Output must consist only of the lines of the material below from the one with "На сайте указаны" through the one with "دومین رویداد تخصصی", each reproduced exactly; no pictures belong in it.

DATA PROVIDED:
==================================================
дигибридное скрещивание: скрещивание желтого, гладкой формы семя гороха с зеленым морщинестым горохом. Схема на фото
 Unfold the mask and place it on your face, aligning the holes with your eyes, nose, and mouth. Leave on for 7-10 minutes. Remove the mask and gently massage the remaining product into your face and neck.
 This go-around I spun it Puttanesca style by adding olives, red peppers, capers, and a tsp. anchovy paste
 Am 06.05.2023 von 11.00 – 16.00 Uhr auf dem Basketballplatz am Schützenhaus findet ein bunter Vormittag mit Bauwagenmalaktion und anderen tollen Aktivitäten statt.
==================================================
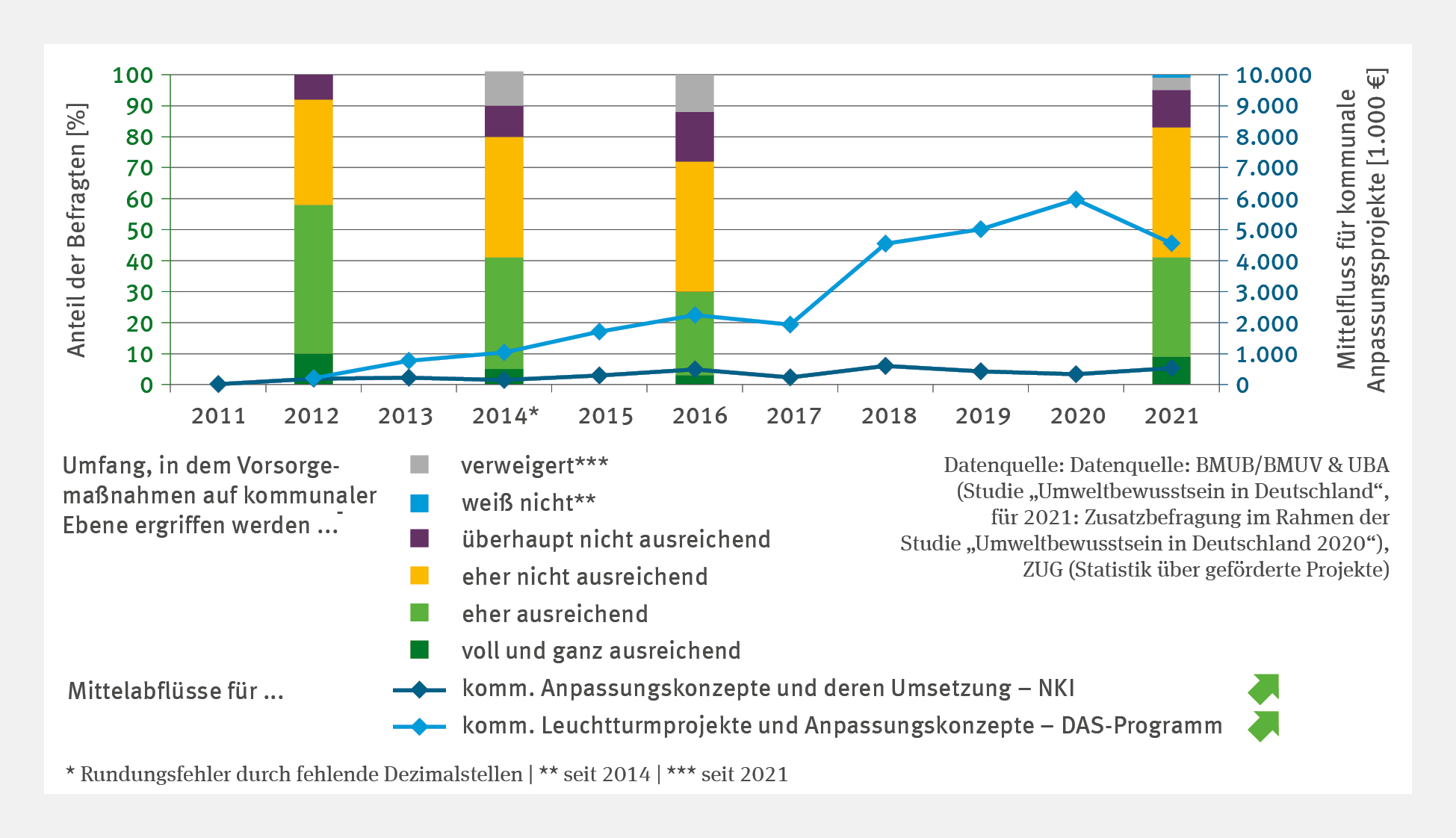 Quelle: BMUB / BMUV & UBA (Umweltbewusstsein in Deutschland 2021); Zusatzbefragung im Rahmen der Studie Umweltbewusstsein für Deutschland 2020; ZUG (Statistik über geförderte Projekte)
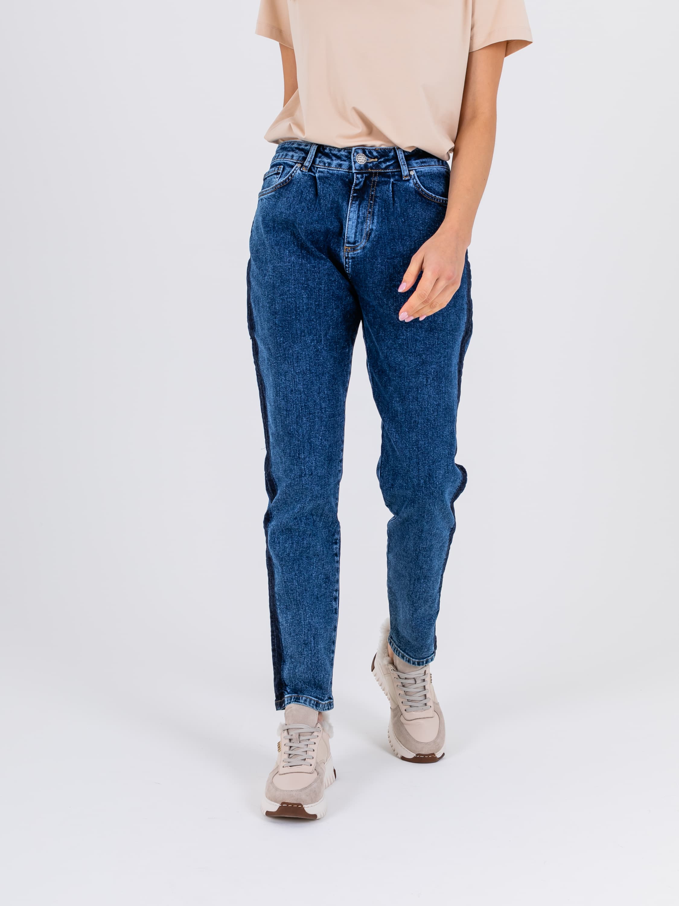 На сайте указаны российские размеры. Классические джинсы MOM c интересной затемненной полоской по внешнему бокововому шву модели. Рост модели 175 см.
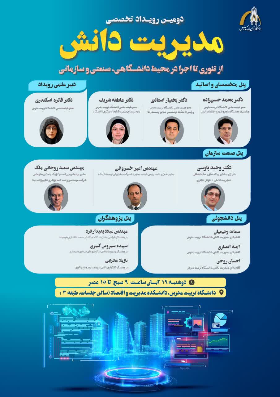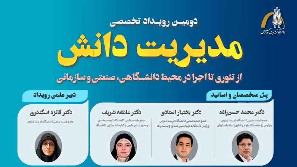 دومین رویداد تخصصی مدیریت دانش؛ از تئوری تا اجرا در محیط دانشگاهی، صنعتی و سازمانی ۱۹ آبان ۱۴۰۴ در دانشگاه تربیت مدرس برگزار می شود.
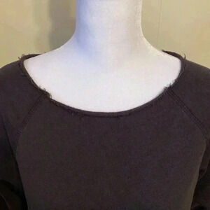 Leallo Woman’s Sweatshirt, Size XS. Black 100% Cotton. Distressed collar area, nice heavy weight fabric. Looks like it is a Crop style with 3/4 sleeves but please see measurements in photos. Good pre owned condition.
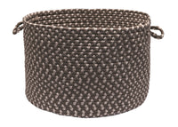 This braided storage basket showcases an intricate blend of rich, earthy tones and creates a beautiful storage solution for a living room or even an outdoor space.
==================================================
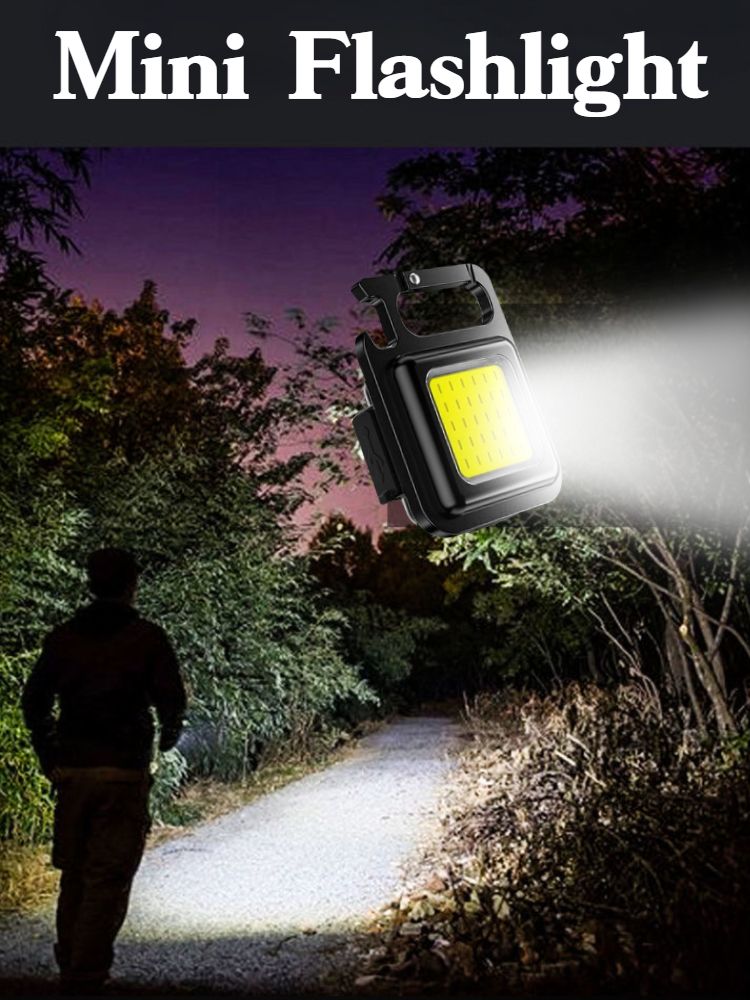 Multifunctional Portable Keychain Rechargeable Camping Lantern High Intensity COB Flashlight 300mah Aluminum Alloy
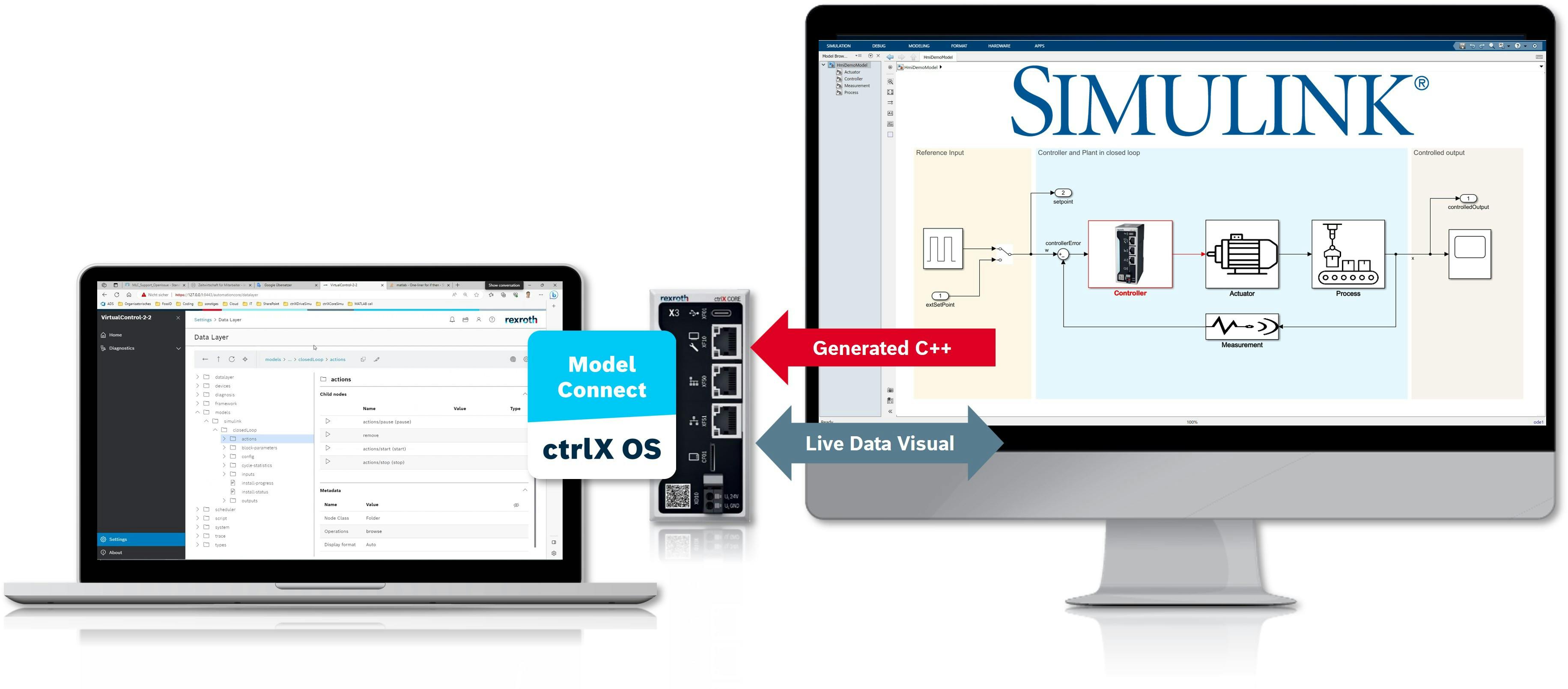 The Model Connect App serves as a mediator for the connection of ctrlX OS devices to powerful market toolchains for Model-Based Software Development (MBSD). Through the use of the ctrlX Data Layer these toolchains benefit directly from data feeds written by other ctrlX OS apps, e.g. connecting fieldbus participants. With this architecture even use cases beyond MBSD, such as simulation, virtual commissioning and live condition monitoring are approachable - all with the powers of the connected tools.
==================================================
TASK RESULT:
 На сайте указаны российские размеры. Классические джинсы MOM c интересной затемненной полоской по внешнему бокововому шву модели. Рост модели 175 см.
 دومین رویداد تخصصی مدیریت دانش؛ از تئوری تا اجرا در محیط دانشگاهی، صنعتی و سازمانی ۱۹ آبان ۱۴۰۴ در دانشگاه تربیت مدرس برگزار می شود.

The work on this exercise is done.